--- Assignment ---
Your copy should match the listing word for word, apart from the pictures, which are left out.

--- Dataset extract ---
----
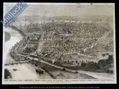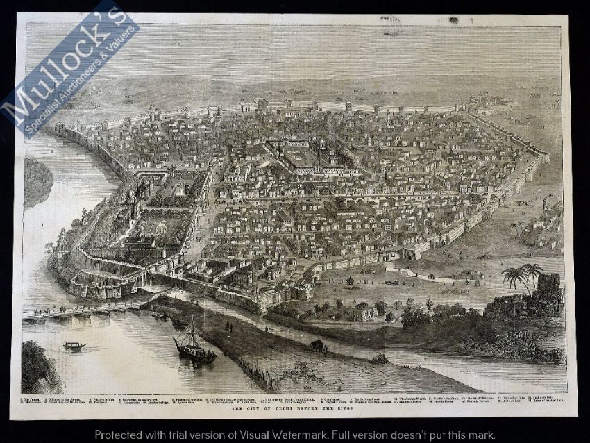 India – The City of Delhi Before the Siege Original Print 1858 of a birdseye view of the city listing principle locations, measures 35x35cm approx., mounted
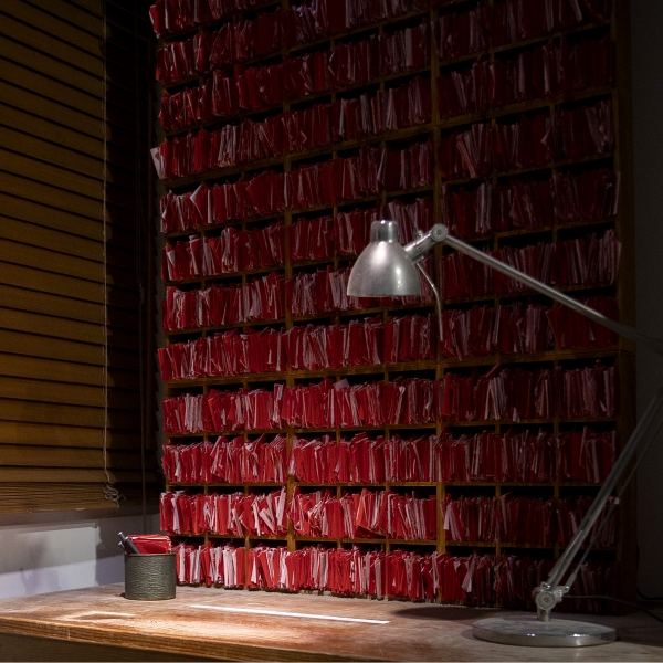 A: 《紅牆》這個作品由30萬張紙張組成,是一個回應當下社會現象的作品。看著新聞中部分書籍下架的報導,以及各種自我審查的現象出現,自己也會覺得有些悲哀,令我重新去思考自身與界線的關係。
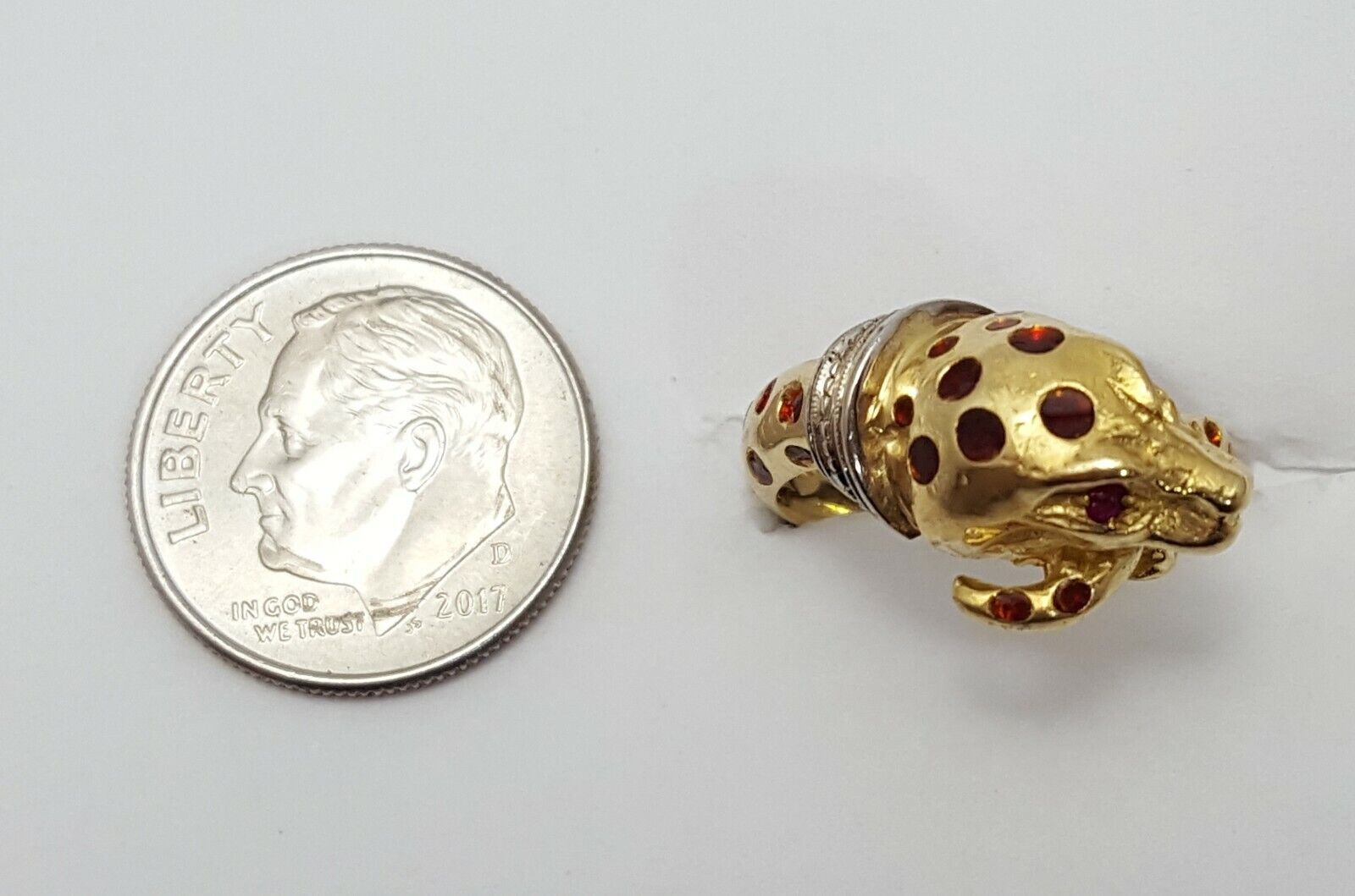 18K Multi Color Gold Colored Enamel & Ruby Snake Ring
----
--- Solution ---
 India – The City of Delhi Before the Siege Original Print 1858 of a birdseye view of the city listing principle locations, measures 35x35cm approx., mounted
 A: 《紅牆》這個作品由30萬張紙張組成,是一個回應當下社會現象的作品。看著新聞中部分書籍下架的報導,以及各種自我審查的現象出現,自己也會覺得有些悲哀,令我重新去思考自身與界線的關係。
 18K Multi Color Gold Colored Enamel & Ruby Snake Ring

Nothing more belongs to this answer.